2070.82 – Mystery Function

First of all, $f(1) = 2$ . Then, further values of $f$ are given by $f(n) = f(n-1) + n.$

Under these circumstances, which of these formulas gives $f(n)$ ?

(a) $n+1$ , (b) $(n+1)^2$ , (c) $\frac{n^2 +n + 2}{2}$ , (d) $\frac{(n+1)^2}{2}$ , (e) $\frac{(3n-1)^2}{2}$ .

Solution

Of course we can just plug the first few integers into the five given formulas and see which works, but here is a more subtle way.

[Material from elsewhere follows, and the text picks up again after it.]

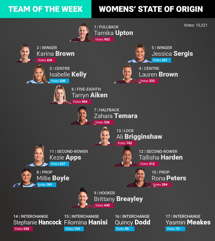 Fullback Tamika Upton, five-eighth Tarryn Aiken and lock Ali Brigginshaw led the charge on the field, and their performances were rewarded by marvelbet365.com voters.
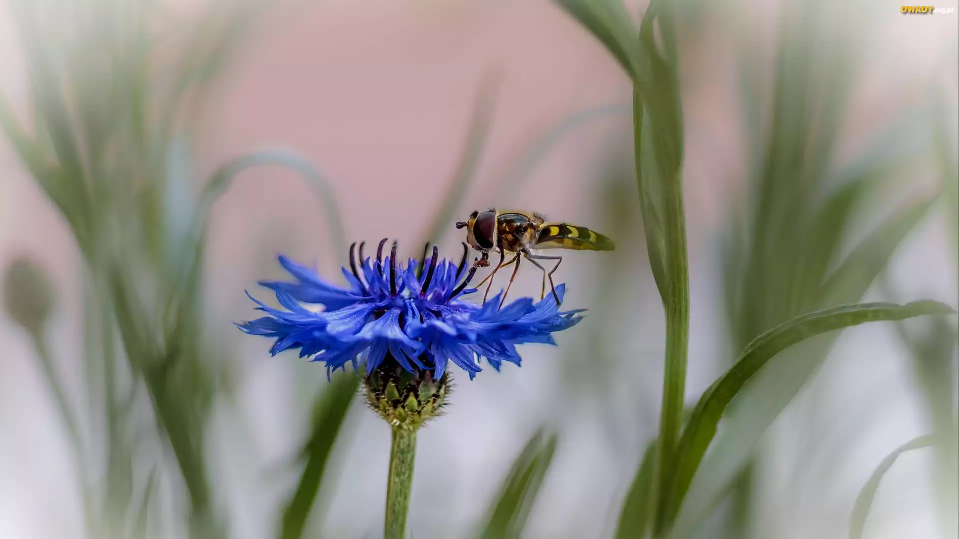 Owad, Bzyg brzęk, Kwiat, Chaber, Makro, Rozmycie

We start by calculating some values:

\begin{aligned} f(1) &=& 2, && \\ f(2) &=& 2 + 2 &=& 4, \\ f(3) &=& 4 + 3 &=& 7, \\ f(4) &=& 7 + 4 &=& 11, \\ f(5) &=& 11 + 5 &=& 16. \end{aligned}

With each step we are adding one more number so $f$ should be something like $f(n) \approx 1 + 2 +3 \ldots + n$ . Let's calculate this sum:

\begin{aligned} 1, && \\ 1 + 2 &=& 3, \\ 1 + 2 + 3 &=& 6, \\ 1 + 2 + 3 + 4 &=& 10, \\ 1 + 2 + 3 + 4 + 5 &=& 15. \\ \end{aligned}

So, we see that

$f(n) = (1 + 2 + \ldots + n) + 1 = \frac{n(n+1)}{2} + 1 = \frac{n^2 + n + 2}{2}.$

The correct answer is (c). (That formula for the sum of the first n whole numbers is a handy one to know.)

For inquiring minds: what if $f(1)$ isn't $2$ ? What if $f(1)$ is, say, $3$ ? or $f(1) = n$ ?